血管キャスト：ラットにおける左肺動脈の虚血の影響の結果を図1に描かれている。示す気管支血管系及び28日後に左LPAL気道ツリーの広範な血管のメタクリレートキャストです。このキャストを取得するには、全身の血管系は、下行大動脈への逆行、メタクリル酸混合物（赤）を注射したと気管カニューレを挿入し、白のシリコン系材料を注入した。この血管のキャストは、肺の?...

ディスカッション

試験したすべての種で左肺動脈の結紮は、虚血性の肺の堅牢な全身性血管新生につながる。我々はラットモデルにおける外科的アプローチの詳細を提示している。我々の結果は、血管の鋳造、病理組織によって作り出され、in vivo標識に気管支動脈が増殖し、肺実質を灌流することを示す。
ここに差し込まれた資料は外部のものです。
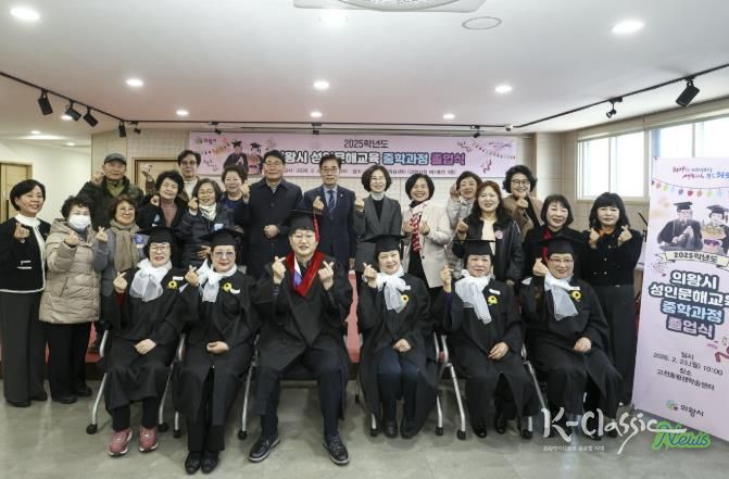 K-Classic News 기자 | 의왕시가 2월 23일 고천동평생학습센터에서 ‘2025학년도 성인문해교육 중학과정 제2회 졸업식’을 개최하며, 배움의 시기를 놓쳤던 어르신들에게 졸업장을 전달했다.

したがって、気管支血管新生のメカニズムが慢性肺血栓塞栓症の人間の条件に匹敵する動...

資料

Name	Company	Catalog Number	Comments
試薬：	会社
塩酸ブプレノルフィン、Puralube	バトラーシャイン
bupivicaine	APPファーマシューティカル
ポビドンヨードswabstick	Dynarex株式会社
ポリプロピレン縫合サイズ6-0、3月8日サークルリバースカッティング針	マイコメディカル
PE20チューブ	ベクトン·ディッキンソン
15μmで深紅ポリスチレン標準粒子	インビトロジェン
1ミリリットルガラスハミルトンシリンジ	ハミルトン株式会社
機器：
魔神プラスシリンジポンプ	ケント·サイエンティフィック
蛍光分光光度計	DIGILAB
齧歯類ベンチレーターモデル683	ハーバード装置
			表1特定の試薬 ​​や機器の表。